昨日からPAAでテキサス州のオースティンに入っています。日頃のコースワークから解放されてかなりテンションが高いです。今日は学会前に開催されているワークショップに参加してきました。トピックは社会ゲノミクスです。個人の遺伝子情報を取得する金銭的なコストが劇的に減ったこともあり、ゲノムを使った分析はこの10年で飛躍的に(本当に飛躍的に)発展しています。以前、オックスフォードで開かれた院生カンファレンスのイベントの一環でこのテーマの話を聞いてから関心を持ち、読書会やマディソンにゲノムの人がきたら積極的にあって話を聞くようにしてきました。
今回は1日と短いですが朝から夕方までの短期集中のセミナーで分析ソフトを使ったでもまで含められていたので、思い切って参加してみました。結論から言うと、表面的に接してきた社会ゲノミクスについて、かなり深く理解できるようになったと思います。
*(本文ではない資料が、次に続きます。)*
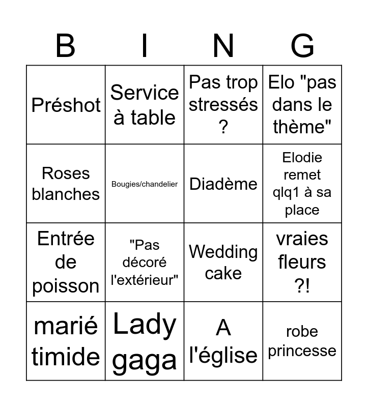 This bingo card has 16 words: Lady gaga, vraies fleurs ?!, Pas trop stressés ?, Préshot, Entrée de poisson, Service à table, Wedding cake, A l'église, Roses blanches, Bougies/chandelier, marié timide, Elo "pas dans le thème", "Pas décoré l'extérieur", Elodie remet qlq1 à sa place, Diadème and robe princesse.
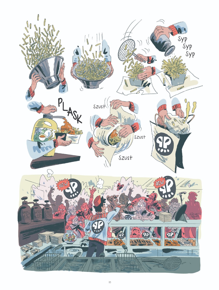 Drugi i ostatni tom humorystycznej historii o walce miłośników warzyw z wielkim przemysłem spożywczym. Wszyscy oszaleli na punkcie nowego jedzenia, tyle że jego spożywanie ma przerażające skutki uboczne... Jaśmina postanawia dowiedzieć się prawdy o działalności producenta dziwnych ziemniaczanych dań. Razem z przyjaciółmi wyrusza do jaskini lwa, gdzie zaryzykuje życie, aby cały świat mógł zdrowo jeść! Twórcą opowieści jest belgijski scenarzysta i rysownik Wauter Mannaert, który zyskał uznanie komiksami autorskimi: one-shotami „Weegee. Serial photographer” i „El Mesías” oraz właśnie miniserią o Jaśminie, za którą zdobył dwie belgijskie nagrody branżowe (Willy-Wandersteen i Atomium). Polski czytelnik zna już jego styl graficzny z cyklu przygodowo-fantastycznego „Misja” (scen. Frédéric Maupomé).
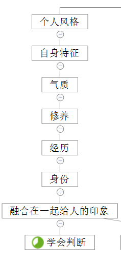 个人风格指的是自身特征、气质、修养、经历、身份等融合在一起给人的印象。其中自身特征可以通过分析脸部的轮廓、量感(占70%)和体型的轮廓、量感(占10%)得知,这也是个人风格最主要的判断依据,占90%,气质、性格、修养、经历、爱好、身份等方面对个人风格的影响比较小,占10%.。
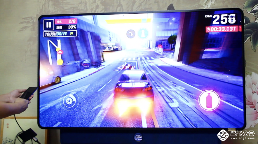 经过一番体验,我们可以通过在更大尺寸的电视屏幕来看手机上的视频,甚至玩各种大型游戏,而且还可以把手机设置为触控板,没有任何的卡顿和延迟,即使在玩竞速类的大型游戏的时,体验也非常流畅。

今回のセミナーで改めて重要だなと思った点は、遺伝子によって説明される特性の違いは、あくまで集団内のばらつきを説明するために用いるものであり、集団間の比較に用いてはいけないと言うものでした。人口学などの社会科学分野で関心のある特性、例えば身長などは、あくまで集団レベルにおいて遺伝子との関連がわかるものであり、それはheritabilityとして定義されます。heritabilityはあくまで集団の中でどれだけ遺伝子が特性のばらつきを説明するかと言う指標なので、集団間の身長の差を遺伝に帰することは誤りだと言うことです。これは、かなり重要な指摘だなと思いました。例えば、私たちはある集団間(例えば日本人とアメリカ人)の特性の違い(身長)がどれだけ遺伝的な要因によって説明できるか、と考えてしまうかもしれませんが、遺伝によって説明される集団レベルの特徴は、飽くまで集団内の分散を説明するものなので、平均値で集団間で差があったとしてもそれぞれの集団においてheritabilityが説明する度合いは同じであるかもしれないからです。
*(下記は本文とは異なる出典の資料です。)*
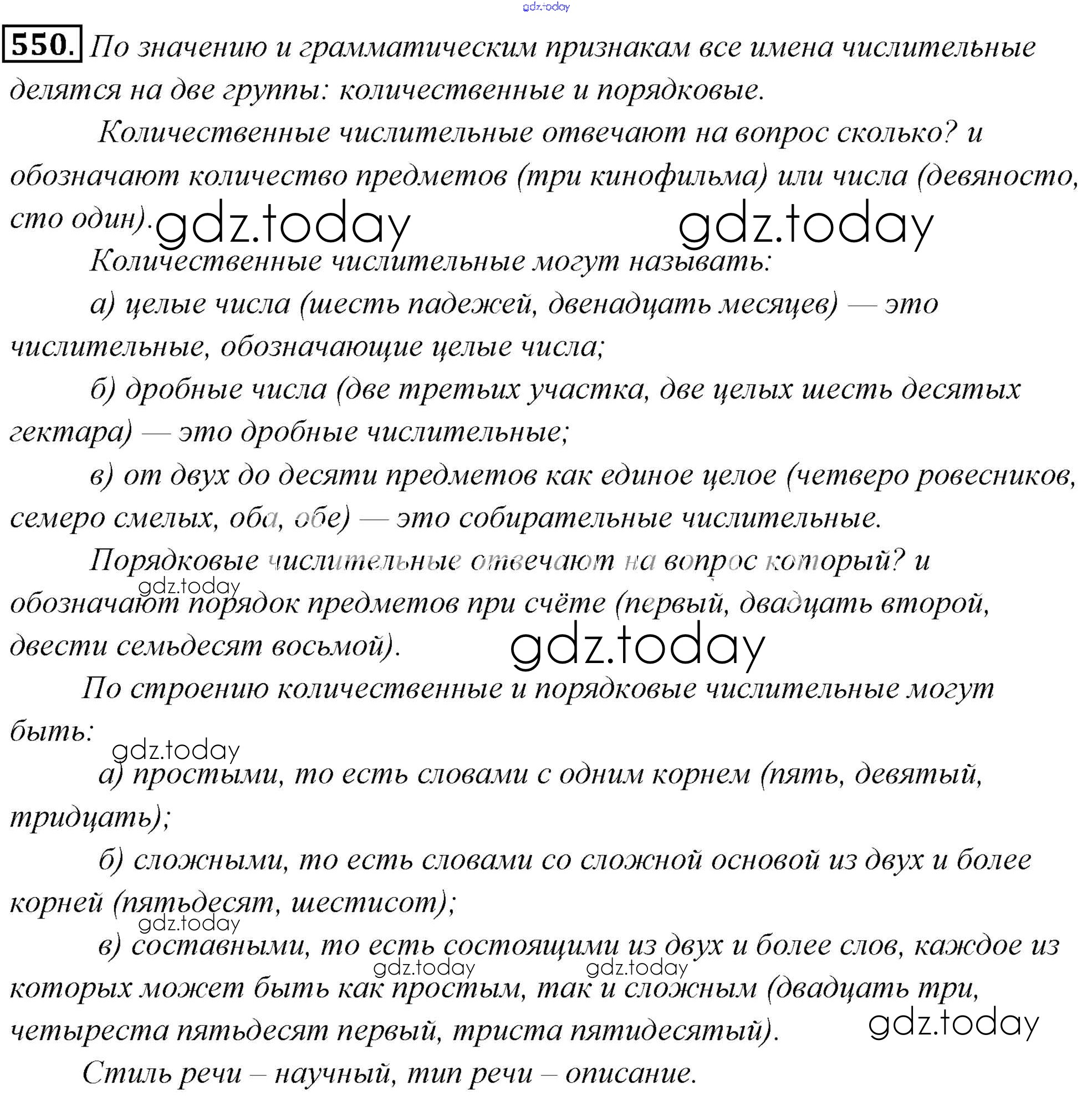 На страницах сайта gdz.today вы найдете учебный и вспомогательный материал, направленный на улучшения знаний школьной программы. ГДЗ - онлайн мир знаний Решение к упражнениям 550 Учебнику по Русскому языку для 6 класса Львова, Львов Мнемозина 2013

講師の一人のFelixさんは以前イギリスでお会いしていたこともあったので、話は重複しているところもありましたが、もう一人の講師であるRobbeeさんの研究は非常に刺激的でした。彼の研究は遺伝によって教育年数がどれだけ説明できるのか、と言うものでしたが、GWASの研究の話を進める中で、ある表現型(例えば喫煙行動と飲酒行動)がどれだけ遺伝子的要因を共有しているかというgenetic correrationの研究を紹介してくれました。彼自身は遺伝子が表現型が出る前にpre-determinedされていると言う想定に対しては距離を置いていましたが、このgenetic correlationを非異性愛行動とウェルビーイングの関係に応用した最新の研究を紹介してくれました。これが非常に面白かったです。データベースとして使用したのはイギリスのBritish cohort studyとアメリカの23andmeですが、これらのデータは対象とするコーホートが異なり、ある種の時代差をつかむことができます。非異性愛行動をする人はそうでない人に比べてメンタルヘルスや主観的健康感が低いと言う結果があったのですが、これらの変数を予測する遺伝的要因を特定した後で、その両者の相関をみたところ、古いコーホートを対象にしたBCSでは遺伝を介した相関は負、つまり非異性愛行動の人はヘルスが低いと言う関係があったのですが、新しいコーホートを対象にした23andmeでは遺伝を関した関連が正になっていることがわかったとのことです。これは、近年のコーホートでは非異性愛行動をする人が必ずしもヘルスを悪化させるわけではないと言うことで、時代的な変化を反映しているものと理解されていました。
午後の授業はplinkというターミナル上で走らせるGWAS専用のソフトウェアを使ってポリジェニックスコアを求めたり、そのスコアを回帰分析に投入するまでの一連の作業がカバーされたので、時間的に少しきつかったところはありますが、非常に勉強になりました。他にも、GWASからポリジェニックスコアへの変換の考え方についても理解が深まり、有意義なワークショップとなりました。